= Andrew V. Granato =

American theoretical physicist

Andrew Vincent Granato (9 May 1926, in Cleveland, Ohio – 3 June 2015, in Urbana, Illinois) was an American theoretical physicist, specializing in condensed matter physics. He is known for the Granato-Lücke formula.

Granato was, during WW II, in the Naval Reserves while attending the University of Rochester. He received his bachelor's degree in 1948 and his M.S. in 1950 from Rensselaer Polytechnic Institute and his Ph.D. in 1955 under Kurt Lücke in applied mathematics from Brown University. In 1955–1957 he was a research associate at Brown. He became in 1957 an assistant professor, in 1961 an associate professor, and in 1964 a full professor of physics at the University of Illinois. In 1959–1961 he was a visiting professor at Aachen, where he held a Guggenheim Fellowship for the academic year 1959–1960.

He was chairman of the International Conference on Internal Friction and Ultrasonic Attenuation held in Urbana, Ill. (1985). In 1987-88, he was the Bernd T. Matthias visiting scholar at the Los Alamos National Laboratory and guest research fellow at the Institute for Industrial Science at the University of Tokyo.

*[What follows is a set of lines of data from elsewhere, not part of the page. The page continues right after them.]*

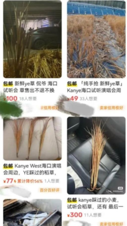 콘서트가 끝나자 중국 최대 중고 거래 플랫폼 '셴위'에는 칸예가 공연장에서 밟은 밀 싹이 거래됐다. 가격은 최대 5만6000원까지 책정됐다.
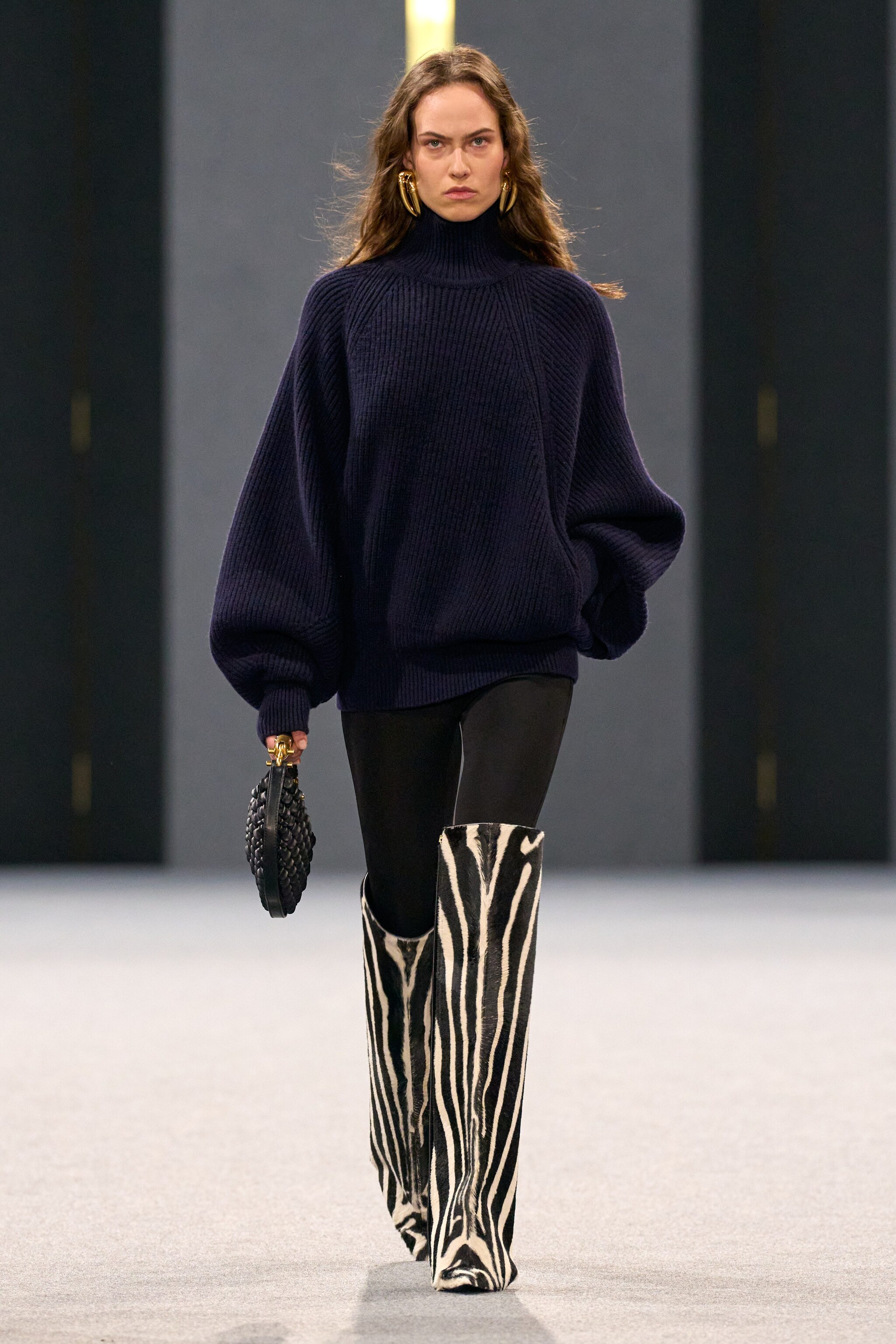 Cappotti dai rever giganti, stivali in pelle drappeggiat, abiti con baschine e maglioni dalle tonalità luminose sfilano alla Paris Fashion Week sulla passerella Autunno/Inverno 2025-2026 di Balmain.
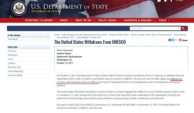 接下来则是重点了:其实美国这次退出联合国教课文组织,除了欠债的问题,一个更主要的缘由是美国政府认为联合国教科文组织“对以色列太不公平”,经常做出“反以色列”(anti-Israel)的决定。
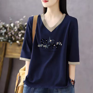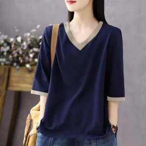 貿易クリアランス輸出綿100%半袖Tシャツレディース夏ゆったり大きいサイズお腹カバーカジュアル痩身トップス
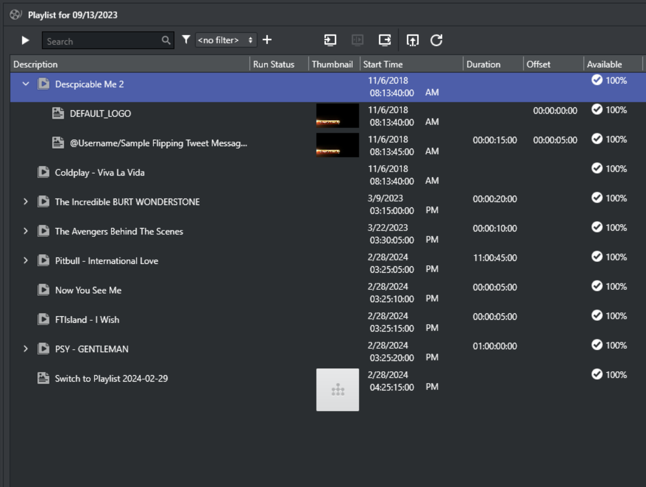 Playlists can be filtered to quickly sort the list of events.
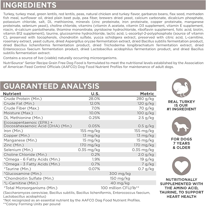 Nutrisource Grain Free ( Turkey ) Senior Dog Food 5Lb
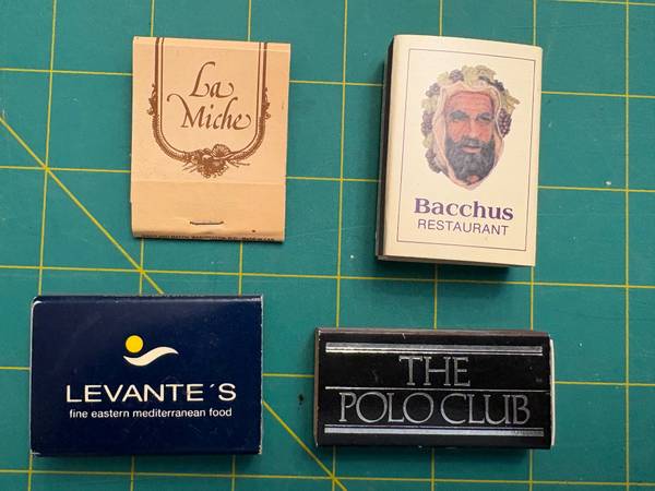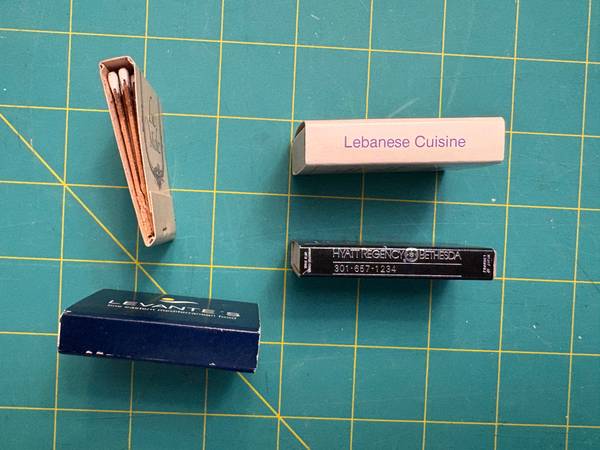You are purchasing three (3) matchboxs and one (1) matchbook from restaurants located in Bethesda, MD. This is a cash only sale and pick-up will be near Holy Cross Hospital (Silver Spring).
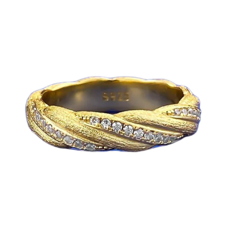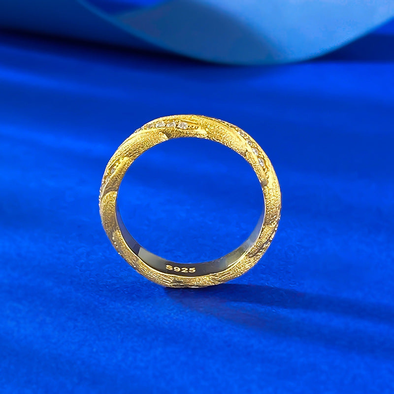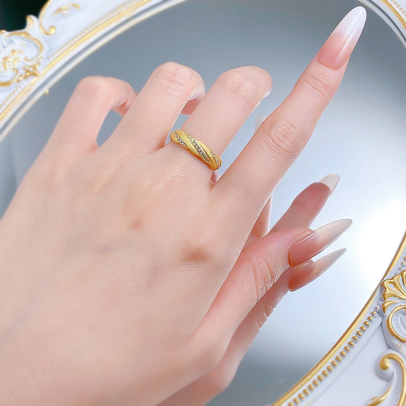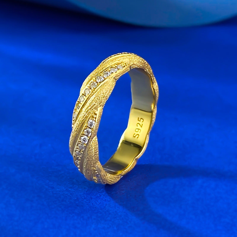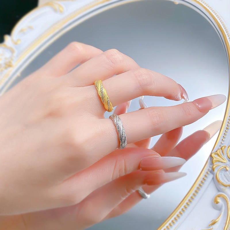Urqanyu S925 silver Italian brushed gold winding ring layered woven pattern temperament cubic zirconia ring
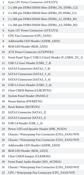 | Прочие внутренние элементы | 24-контактный разъем питания ATX 2 8-контактных разъема питания EPS12V 1 разъем для подключения порта USB 3.2 Gen2 Type-C 2 разъема для подключения 4 портов USB 3.2 Gen1 1 разъем для подключения 2 портов USB 2.0 5 разъемов для подключения 4-контактных вентиляторов (поддержка помп ЖСО) 2 разъема для подключения неадресуемой RGB-ленты 2 разъема для подключения адресуемой ARGB-ленты 1 разъем аудио для передней панели корпуса 1 разъем сброса CMOS 2 разъема для подключения управления с передней панели корпуса 1 кнопка перезагрузки Reset 1 кнопка сброса CMOS 1 кнопка включения питания Power |
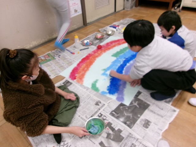 2・3年生は虹とおめでとうの文字を作る担当です。
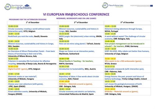 Nelle tre sessioni pomeridiane (dall'1 al 3 dicembre) gli studenti delle scuole secondarie di secondo grado potranno usufruire di webinar interattivi e serious game erogati dai partner del progetto in collegamento diretto con una quindicina di paesi europei diversi. Gli studenti potranno quindi aumentare le loro competenze trasversali sui temi delle materie prime e della transizione verso l'economia circolare, fare pratica della lingua inglese, confrontarsi con il mondo delle aziende e della ricerca e incontrare coetanei da tutta Europa, per quanto virtualmente, realizzando così lo spirito comunitario che anima l'Unione europea.

His research included such topics as crystalline materials (dislocations), impurity and interstitial atoms, and behavior of glassy materials and the glass transition (regarded as one of the most important problems still to be fully resolved in condensed matter physics).

He was the author or co-author of over 170 publications in peer-reviewed journals and was the primary advisor for 32 doctoral dissertations. He was elected a Fellow of the American Physical Society in 1969. He was awarded the Zener Prize in 1996.

He was predeceased by his wife, Pauline Brassard Granato, and at his death was survived by four children and three grandchildren.